Les flux de matières en suspension sont issus de flux érosifs nets, représentés ci-dessous et établis au moyen d’un modèle20 renseigné par une base de données européenne21.

Carte 36. Bilan des flux annuels érosifs nets par bassin versant

Ces flux sont ensuite agrégés par bassin versant élémentaire et convertis en concentrations de matières en suspension dans les eaux de surface via les données SAFRAN-ISBA-MODCOU de flux d’eau infiltrés et ruisselés annuels moyens.

Les teneurs en phosphore des sols sont extraites de la base de données des concentrations en phosphore total des sols22.

Pression en phosphore diffus et évolution Les flux d’apport diffus de phosphore par masse d’eau de surface, représentés dans la Carte 37, et leurs concentrations en moyennes annuelles au cours de la période 2010-2016 ont ensuite été calculés.
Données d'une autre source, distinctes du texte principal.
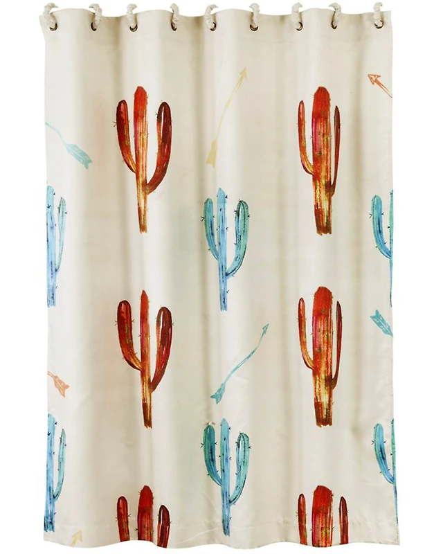 HiEnd Accents Cream Printed Cactus Shower Curtain

Aucun effet du passage à travers la zone riparienne n’est pris en compte dans le cas du phosphore par manque de données.

Carte 37. Apports en phosphore diffus aux masses d’eau de surface

Les régions sujettes à forte érosion comme la Normandie ou l’Oise sont également les plus émettrices de phosphore diffus. À contrario, les régions de faible érosion, comme la Champagne, sont les régions les moins émettrices de phosphore diffus vers les cours d’eau.
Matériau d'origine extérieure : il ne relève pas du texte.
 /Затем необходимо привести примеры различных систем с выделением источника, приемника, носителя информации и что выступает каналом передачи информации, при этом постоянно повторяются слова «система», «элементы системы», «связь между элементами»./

Ces apports ne sont pas en relation directe avec les pratiques agricoles actuelles. Ils reflètent plutôt le stock de phosphore présent dans la couche superficielle du sol, qui lui-même est principalement un héritage des pratiques agricoles antérieures. Actuellement, les pratiques agricoles aboutissent plutôt à réduire lentement le stock considérable de phosphore

accumulé dans les sols. Même si l’efficacité d’abattement du phosphore des eaux usées par le parc de stations d’épuration est supérieure à 75 %, les apports ponctuels restent, à l’échelle du bassin de la Seine, du même ordre de grandeur que les apports diffus.
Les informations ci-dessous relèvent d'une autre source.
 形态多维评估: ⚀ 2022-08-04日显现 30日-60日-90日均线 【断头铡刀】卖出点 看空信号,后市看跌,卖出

Le nombre de masses d’eau superficielles impactées de manière significative a doublé depuis le dernier état des lieux

La pression en phosphore est jugée significa-tive sur la base du croisement entre la qualité de la masse d’eau en matière de phosphore (état écologique 2019) et la contribution du lessivage des sols agricoles à l’impact global du phosphore déterminé à l’aval de chaque masse d’eau établie

par le modèle PEGASE. Les résultats obtenus ont été soumis à l’expertise locale des services de l’agence de l’eau et de l’Etat, compte tenu des données de surveillance de la qualité de l’eau disponibles ainsi que d’éventuelles données de pression plus précises.

Les masses d’eau dont l’état écologique est déclassé par le phosphore et dont le bilan des flux de phosphore à l’exutoire montre une part

significative du lessivage des sols (seuil de 10 à 40 % suivant le niveau de déclassement par le phosphore) sont considérées comme subissant une pression diffuse significative en phosphore total. Comme le montre la Carte 38, 189 masses d’eau sont concernées sur les 334 masses d’eau déclassées par le phosphore (les autres proviennent significativement de rejets ponctuels).

Carte 38. Bassins versants de masses d’eau impactées par une pression significative en phosphore diffus

Le nombre de masses d’eau déclassées par le phosphore diffus a doublé depuis l’état des lieux de 2013, qui les chiffrait alors à 94.